Certainly! Let's evaluate the infinite series:
[tex]\[ \sum_{n=1}^{\infty} \frac{9^n}{n (-2)^{n+1}}. \][/tex]
1. Identify the General Term:
Let's denote the general term of the series by [tex]\( a_n \)[/tex]:
[tex]\[ a_n = \frac{9^n}{n (-2)^{n+1}}. \][/tex]
2. Simplify the General Term:
We notice that [tex]\( (-2)^{n+1} = (-2) \cdot (-2)^n \)[/tex]:
[tex]\[ a_n = \frac{9^n}{n \cdot (-2) \cdot (-2)^n} = \frac{9^n}{-2 \cdot n \cdot (-2)^n}. \][/tex]
3. Combine the Powers in the Denominator:
Combine [tex]\( (-2) \cdot (-2)^n \)[/tex]:
[tex]\[ (-2) \cdot (-2)^n = (-1)^{n+1} \cdot 2^n. \][/tex]
Therefore,
[tex]\[ a_n = \frac{9^n}{n \cdot (-1)^{n+1} \cdot 2^n}. \][/tex]
4. Write the Combined General Term:
Bring [tex]\( (-1)^{n+1} \)[/tex] to the numerator:
[tex]\[ a_n = \frac{9^n}{n \cdot 2^n} \cdot \frac{1}{(-1)^{n+1}} = \frac{9^n}{n \cdot 2^n} \cdot (-1)^{-(n+1)}. \][/tex]
5. Simplify the Exponent:
We know that [tex]\( (-1)^{-(n+1)} = (-1)^{-n-1} \)[/tex], so:
[tex]\[ a_n = (-1)^{-n-1} \cdot \frac{9^n}{n \cdot 2^n}. \][/tex]

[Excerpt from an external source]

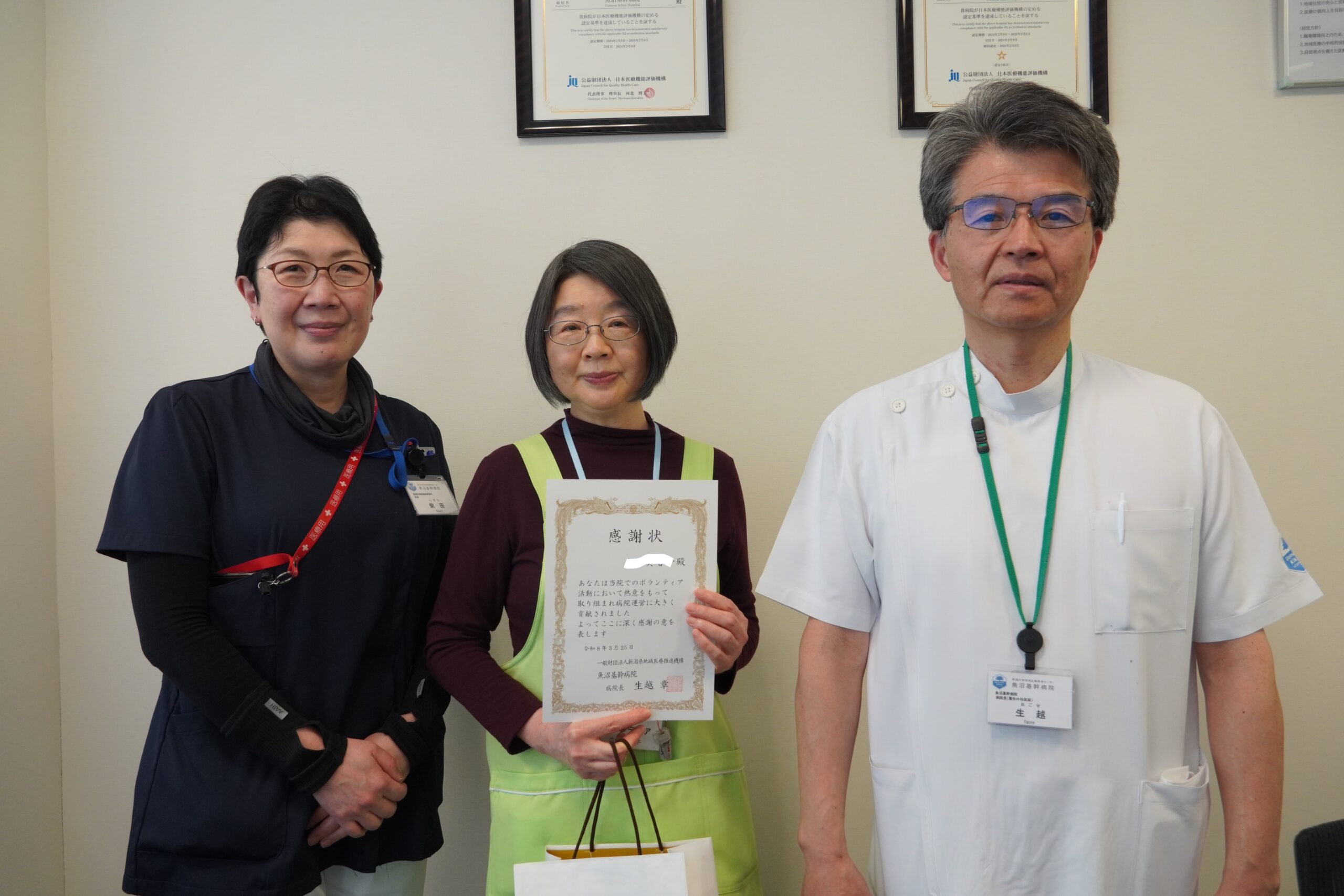 院内ボランティアさんに感謝状を贈呈しました

6. Combine the Powers of the Numerator and Denominator:
Combine the powers of 9 / 2:
[tex]\[ a_n = \left(\frac{9}{2}\right)^n \cdot (-1)^{-n-1} \cdot \frac{1}{n}. \][/tex]
7. Express the General Term in a Simplified Form:
The simplified general term is:
[tex]\[ a_n = \frac{9^n}{n \cdot (-2)^{n+1}}. \][/tex]

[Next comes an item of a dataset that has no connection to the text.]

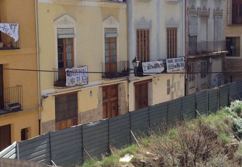 Desenes de pancartes denunciant aquesta penosa situació de les restes arqueològiques i l’extrema condició de degradació en què es troben pengen dels balcons dels veïns des de fa algunes setmanes, sense que ni l’ajuntament de Rita Barberà ni la Generalitat d’Alberto Fabra, en una coresponsabilitat compartida dels fets, es dignen a posar fi a aquesta situació.
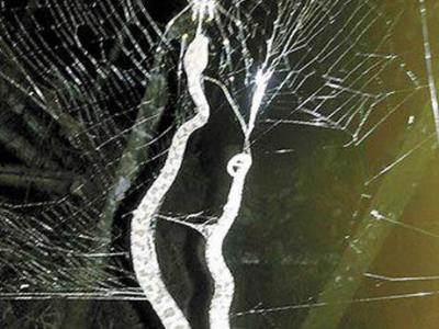 台湾人面蜘蛛捕获大头蛇 (神秘的地球报道)据台湾《中国时报》:台湾云林县古坑...

Now, we can write the series:
[tex]\[ \sum_{n=1}^{\infty} \frac{9^n}{n (-2)^{n+1}} = \sum_{n=1}^{\infty} \frac{(9 / 2)^n}{n} \cdot (-1)^{-(n+1)}. \][/tex]
Final Summation Representation:
The sum of the given series can be expressed as:
[tex]\[ \boxed{\sum_{n=1}^{\infty} \frac{9^n}{n(-2)^{n+1}} = \sum_{n=1}^{\infty} \frac{(9 / 2)^n}{n} \cdot (-1)^{-(n+1)}}. \][/tex]
This is the most simplified form of the given series representation.